Looks interesting: the test suite for our current AngularJS project is slowly slowing down, in part because there's just more tests, but the major performance bottlenecks are:

* No parallelisation, even if test suites are all independent * DOM tests, which cause a lot of GC pauses * (probably) PhantomJS startup and initialisation (not measured)

I've done a simple optimization where my tests get split in the middle and run in two separate terminals (during development, continuous testing), but it's kinda iffy.


I wonder if they are using CoffeeScript anywhere at Facebook?

http://facebook.github.io/jest/docs/tutorial-coffeescript.ht...


We're not using CoffeeScript inside of Facebook. But we are using many ES6 features that make JS look a lot like CoffeeScript such as classes, arrow functions, rest arguments, destructuring assignment ... I figured that CoffeeScript would be a good example to show that Jest supports languages that transpile to JS :)

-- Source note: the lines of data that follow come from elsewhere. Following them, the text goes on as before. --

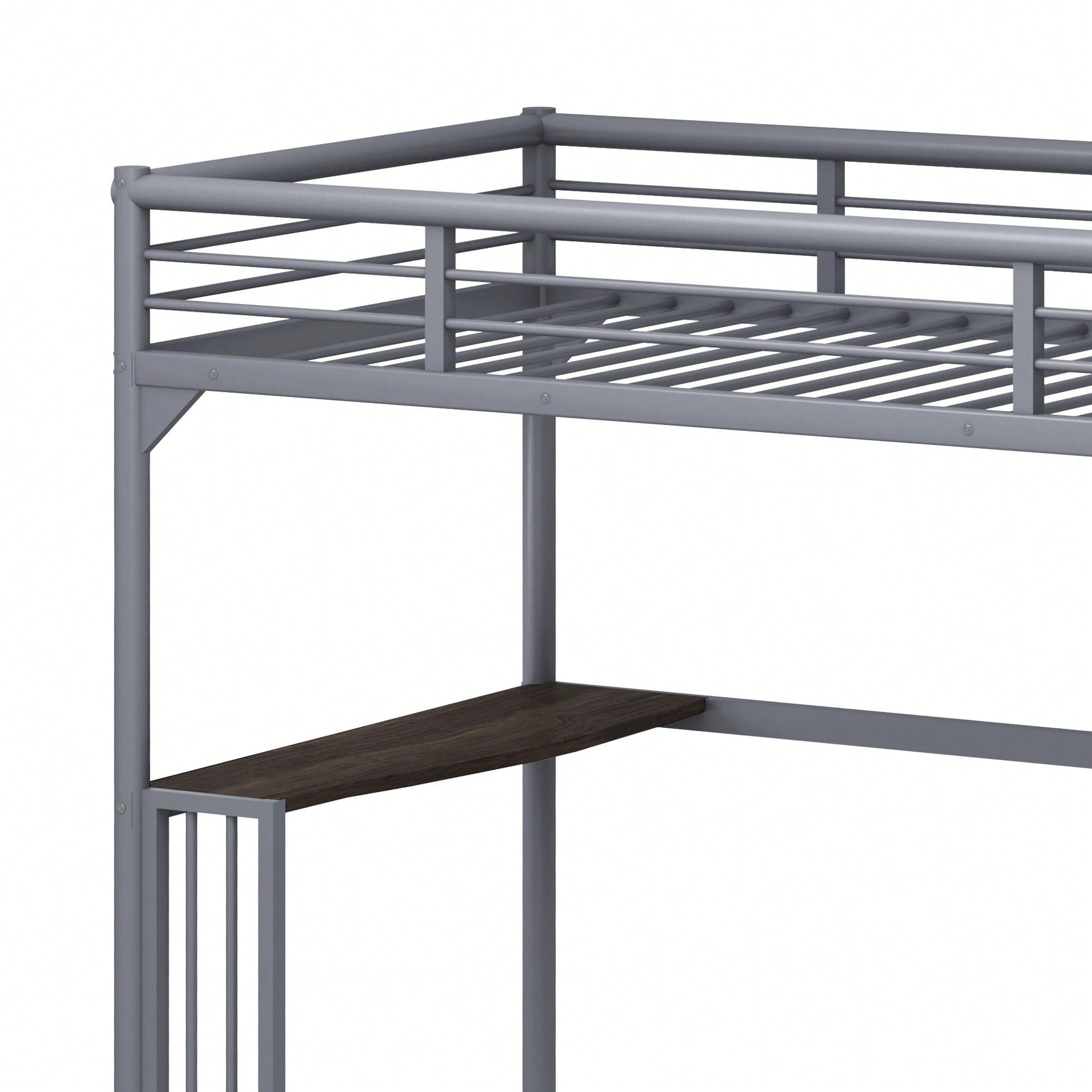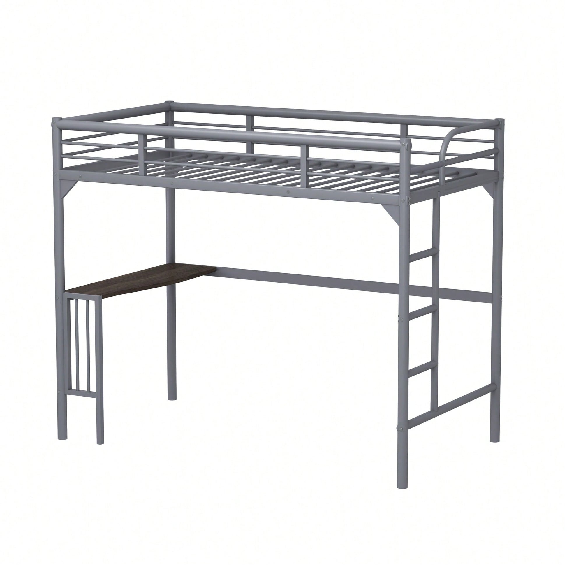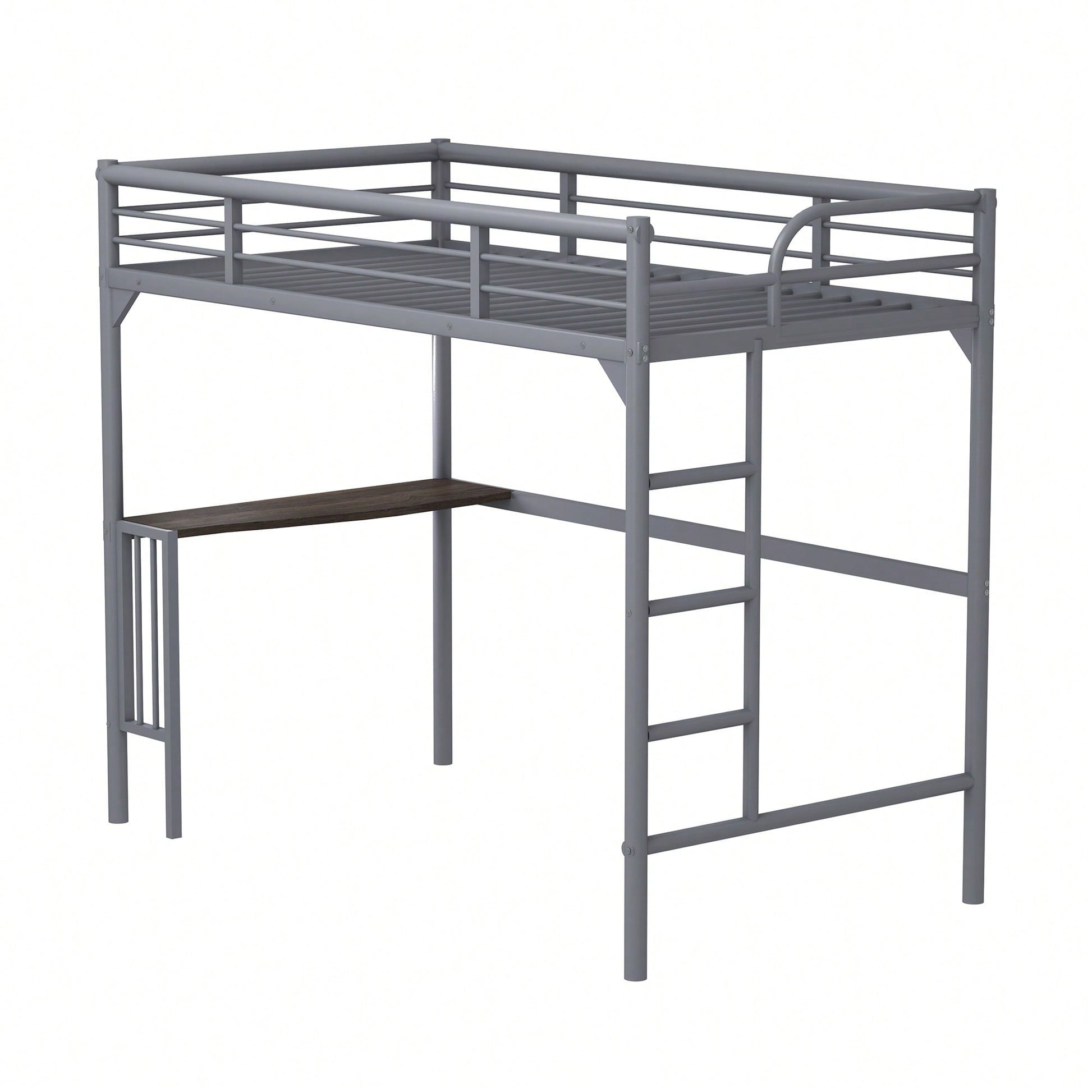 Loft Bed With Desk And Ladder, Silver Finish, Space-Saving Design With Guardrails And Under-Bed Book Desk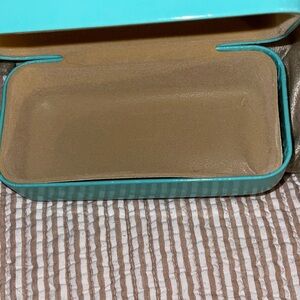 Oblong storage box in iconic Tiffany turquoise. Bottom has sticker residue. Minor signs of wear. Perfect for storing your glasses or treasures. Approx 6.5x2.5x2.25 Please see pictures for best description. I want you to be happy with your purchase so please ask questions. Smoke Free/Dog Friendly Home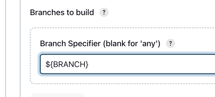 4. `Branches to build` -> `Branch Specifier` - should be set to `${BRANCH}` or whatever your parameter is called

Curious - What are you using to transpile your ES6? Traceur?


Internally we use jstransform (github.com/facebook/jstransform) because it allows us to plug in individual transforms more easily. It's also what React uses for it's jsx transformations.

jstransform also ships with a few es6 features out of the box (classes, arrow functions, etc -- and the number is growing!), but Traceur definitely has more.


Actually our recent shortcuts-for-framer project happens to use CoffeeScript, but this is very much an outlier. https://github.com/facebook/shortcuts-for-framer


I think auto mocking modules is the most horrible trick a testing framework can pull.

So because you're too lazy to write modules with a minimum of sane dependency injection,you hack require (which is not dependency injection) to mock dependencies?

This is actually the most awfull anti pattern i've seen in javascript land yet.Unfortunatly, it's becoming the "way to go" for most developpers. Instead of making your modules pluggable and decoupled,you negates everything testing is for,you just dont write testable code.


This isn't so bad. Before DI got popular in PHP via Symfony2, we used Zend_Registry. "require" is pretty much the same thing in this context.


what is the effective difference between mocking an injected dependency and a located one?


Is it just me, or does having the background tinted red make you anxious too?


I toned it down a little bit -- hope that helps. :)


What it really needs is a GIF of Harley Quinn dancing in the background.